Another attempt to determine appropriate amounts of anti-HSP70 Ab (ABR cat# MA3-006)and/or protein needed for better detection of HSP70 in Gigas protein samples. Gigas gill protein extracts from 20080617 (both control and Vibrio exposure samples) were each pooled. The two samples were mixed with an equal volume of 2x sample reducing buffer. 100uL of hemolymph were extracted from Gigas muscles and mixed with an equal volume of 2x sample reducing buffer. Samples were boiled for 5mins. and loaded onto a Pierce 4-20% tris-hepes gel. Also loaded 10uL of SeeBlue ladder. Ran gel @ 150V for 45mins. Samples were transferred to nitrocellulose 20V for 30mins. Well locations were marked on the membrane with a pencil.
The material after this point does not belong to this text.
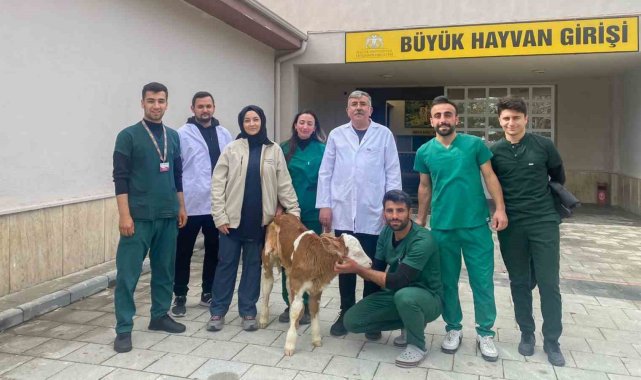 Konya'da karın boşluğu gelişmeyen ve kalın bağırsağı kapalı doğan 2 günlük buzağı, Selçuk Üniversitesi Veteriner Fakültesi Hayvan Hastanesinde tedavi altına alınarak sağlığına kavuşturuldu.Selçuk Üniversitesi Veteriner Fakültesi Hayvan Hastanesi Cerrahi Ana Bilim Dalı Öğretim Üyesi Prof. Dr. Fahrettin Alkan ve Arş. Gör. Gülsüm Boran Çayırlı tarafından acil operasyona alınan ve iyileşme gösteren buzağının tedavisi yoğun bakımda devam ediyor. Hayvan Hastanesinden yapılan açıklamada, buzağının sindirim sisteminde yaşadığı sorun nedeniyle hastaneye getirildiği belirtildi. Buzağı sahibinin uygulanacak tedavi hakkında bilgilendirildiği, tedavi girişimini kabul etmediği ve buzağıyı hastanede bırakarak ayrıldığı kaydedildi. Hastane olarak sahipli/sahipsiz tüm hayvanlara aynı derecede hassasiyet gösterildiği bildirilen açıklamada, "Hastanemiz, müdahale edilmediğinde ölmesi kaçınılmaz olan 2 günlük buzağıyı sahiplendi. Uzman bir ekip tarafından klinik ve ultrasografik muayenesi yapılan buzağının, bağırsak segmentlerinden bazılarının gelişmediği, dolayısıyla diğer hayvanlar gibi normal şekilde sindirim yapamayacağı ve vakanın bir anomali olduğu tespit edildi. Sonrasında Hayvan Hastanesi Cerrahi Ana Bilim Dalı Öğretim Üyesi Prof. Dr. Fahrettin Alkan ve Arş. Gör. Gülsüm Boran Çayırlı tarafından acil operasyona alınan buzağının kalın bağırsağı kapalı doğduğu ve gelişmediği için karın boşluğu açıldı. Kapalı olan kalın bağırsak segmenti tekniğine uygun olarak sağ karın duvarına tespit edildi ve böylece kolostomi operasyonu ile yapay anüs oluşturuldu. Bu tür vakalar, operasyon sırasında ve sonrasında ölüm oranının yüksek olduğu anomaliler arasında yer alıyor. Hastamız başarılı ve titizlikle yürütülen operasyon sonrası yoğun bakım tedavisiyle hayata tutundu. Yoğun bakım tedavisi devam eden buzağının genel durumu gün geçtikçe iyiye gidiyor" denildi.

Gel was stained with Coomassie stain for 30 mins and then destained with 10% acetic acid until bands were clearly visible.

Lane 1 – Ladder
Lane 2 – Control (20ug)
Lane 3 – VE (20ug)
Lane 4 – Hemos (40uL)
Lane 5 – Control (10ug)
Lane 6 – VE (10ug)
Lane 7 – Hemos (20uL)

Lane 8 – Control (20ug)
Lane 9 – VE (20ug)
Lane 10 – Hemos (40uL)
Lane 11 – Control (10ug)
Lane 12 – VE (10ug)

Membrane was cut in two (between lanes 7 & 8) for probing with two different primary Ab concentrations: 1:5000 (per the manufacturer’s suggestion) and 1:2500. Membranes were incubated 1hr. in 15 mL of blocking solution. Primary Ab was added at the two above mentioned concentrations to the respective membrane and incubated 1hr. Membranes were washed with 1x TBS-T 3 x 10mins. Secondary Ab (DAM-HRP) was added with blocking solution to the membranes at a 1:2500 dilution and incubated 30mins. Membranes were washed with 1x TBS-T 3 x 10mins. Membranes were developed with Millipore Immobilon Western Chemiluminescent reagent and imaged together.

Results:

No image of any sort! Not even the pencil marks were visible. Just a blank screen. I’m starting to suspect that something is wrong with the imaging system or something. This is basically a repeat of the Western on 20081210 which worked. Now I’m not sure what to do at all. This blows.